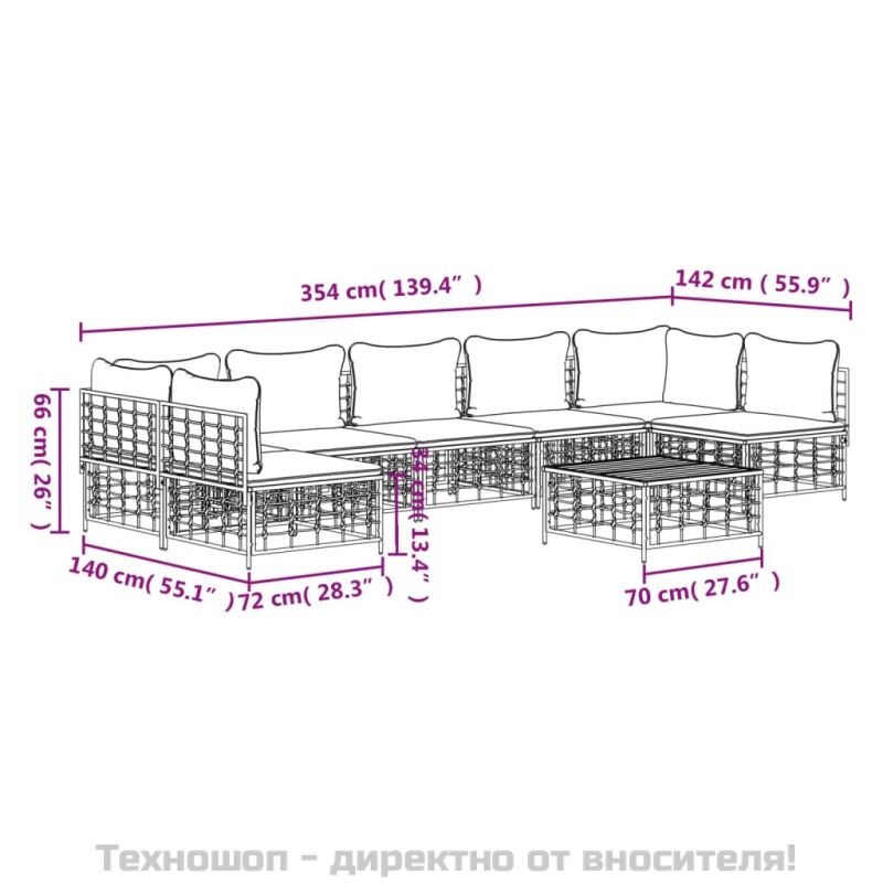 Градински комплект с възглавници 8 части антрацит полиратан
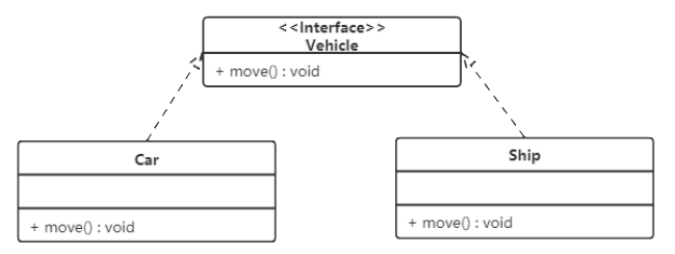 实现关系是接口与实现类之间的关系。在这种关系中,类实现了接口,类中的操作实现了接口中所声明的所有的抽象操作。
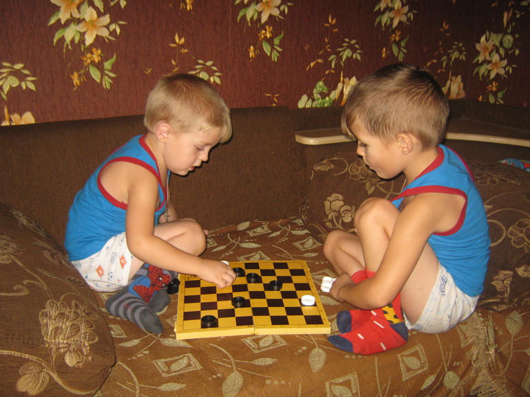 научились играть в шашки! Правила поняли и запомнили оба. Игра больше понравилась Мише. Он уже всех ими измучил). Не давно оставляла его с бабушкой на 3 часа, так они всё это время только в шашки и играли)). Сейчас хитрит с Кириллом - поддаётся ему в первый кон (что бы Кирилл сразу не бросил), а потом нещадно его обыгрывает. ну что ж, старший брат
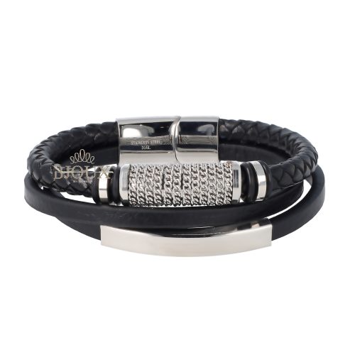 Bracciale di bigiotteria da uomo con cinturino multifilo in ecopelle con groumette in acciaio inossidabile. Con astuccio regalo 9×9
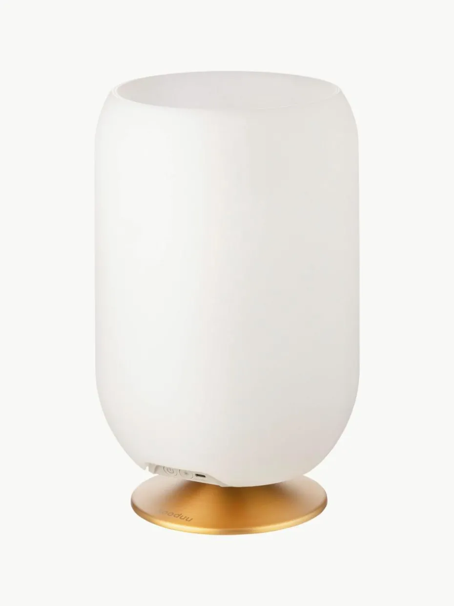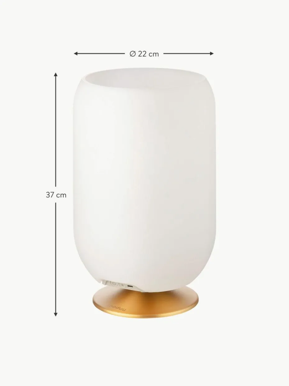 Die LED-Tischlampe Atmos ist ein Bluetooth-Lautsprecher, eine Lampe und ein Getränkehalter in einem. Seine kleine und praktische Form bietet Platz für zwei normale Weinflaschen und gibt warmes, dimmbares Licht und klaren Klang ab.
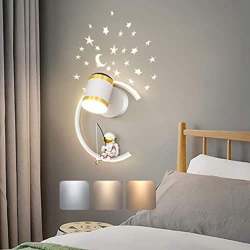 Vägglampa med LED-spotlight, 12 W, dimbar, modern sänglampa, inomhus, rymd, astronaut, väggljus, barnrum, säng, sovrum, pojke, flicka, vardagsrum, nattlampa (B)
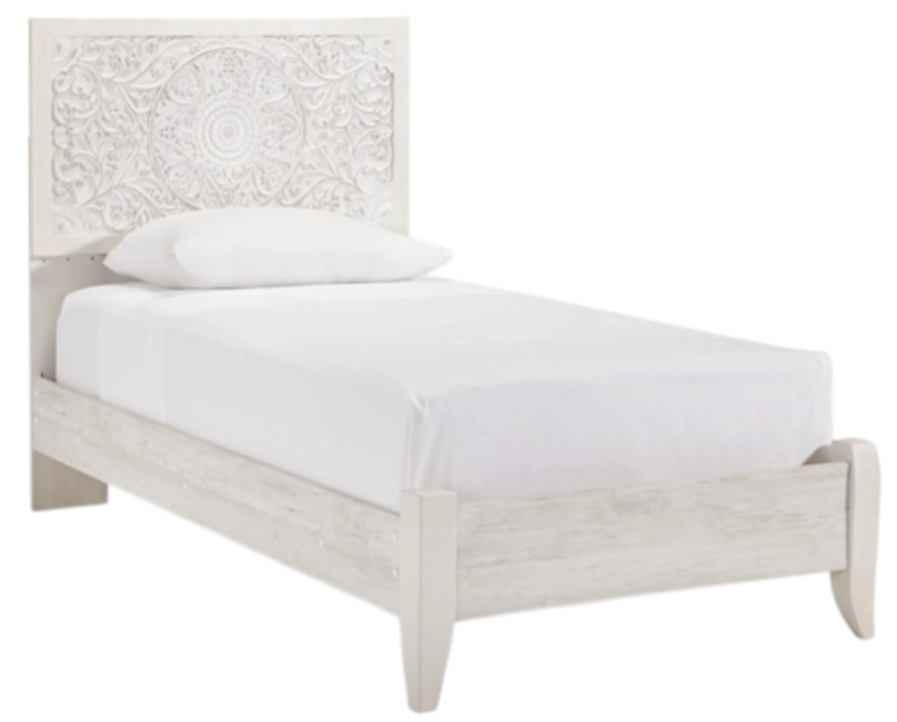 Your young trendsetter can live out her free spirit with this twin bed. Exquisite carved medallion pattern is a testament to true style. Charming whitewashed finish sets a foundation for a room bursting with personality. Headboard's adjustable height design offers added flexibility.Read More
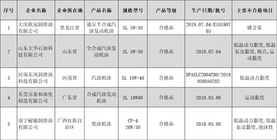 发动机润滑油产品质量国家监督 抽查不合格产品及企业名单
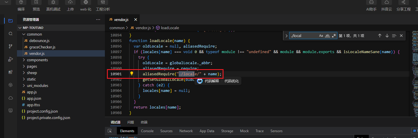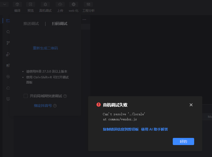 代码编译后,在模拟器上能够正常运行,真机调试的时候无法运行,报错:Can't resolve './locale' at common/vendor.js
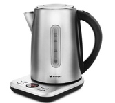 Мощность 2200 Вт. Максимальный объем 1.5 л. Нагревательный элемент скрытый. Индикатор включения есть. Индикатор уровня воды есть. Автоматическое отключение есть. Регулировка температуры нагрева есть. Температурные режимы 4 шт. Звуковой сигнал при закипании есть. Материал корпуса нержавеющая сталь/стекло. Цвет серебристый.
○ ○ ○ ○ ○
Transcribe exactly and only the lines from the top of the records through the line containing "代码编译后,在模拟器上能够正常运行,真机调试的时候无法运行,报错:Can't resolve './locale'", inclusive, and do not copy the pictures.

= Solution for this exercise =
 Градински комплект с възглавници 8 части антрацит полиратан
 实现关系是接口与实现类之间的关系。在这种关系中,类实现了接口,类中的操作实现了接口中所声明的所有的抽象操作。
 научились играть в шашки! Правила поняли и запомнили оба. Игра больше понравилась Мише. Он уже всех ими измучил). Не давно оставляла его с бабушкой на 3 часа, так они всё это время только в шашки и играли)). Сейчас хитрит с Кириллом - поддаётся ему в первый кон (что бы Кирилл сразу не бросил), а потом нещадно его обыгрывает. ну что ж, старший брат
 Bracciale di bigiotteria da uomo con cinturino multifilo in ecopelle con groumette in acciaio inossidabile. Con astuccio regalo 9×9
 Die LED-Tischlampe Atmos ist ein Bluetooth-Lautsprecher, eine Lampe und ein Getränkehalter in einem. Seine kleine und praktische Form bietet Platz für zwei normale Weinflaschen und gibt warmes, dimmbares Licht und klaren Klang ab.
 Vägglampa med LED-spotlight, 12 W, dimbar, modern sänglampa, inomhus, rymd, astronaut, väggljus, barnrum, säng, sovrum, pojke, flicka, vardagsrum, nattlampa (B)
 Your young trendsetter can live out her free spirit with this twin bed. Exquisite carved medallion pattern is a testament to true style. Charming whitewashed finish sets a foundation for a room bursting with personality. Headboard's adjustable height design offers added flexibility.Read More
 发动机润滑油产品质量国家监督 抽查不合格产品及企业名单
 代码编译后,在模拟器上能够正常运行,真机调试的时候无法运行,报错:Can't resolve './locale' at common/vendor.js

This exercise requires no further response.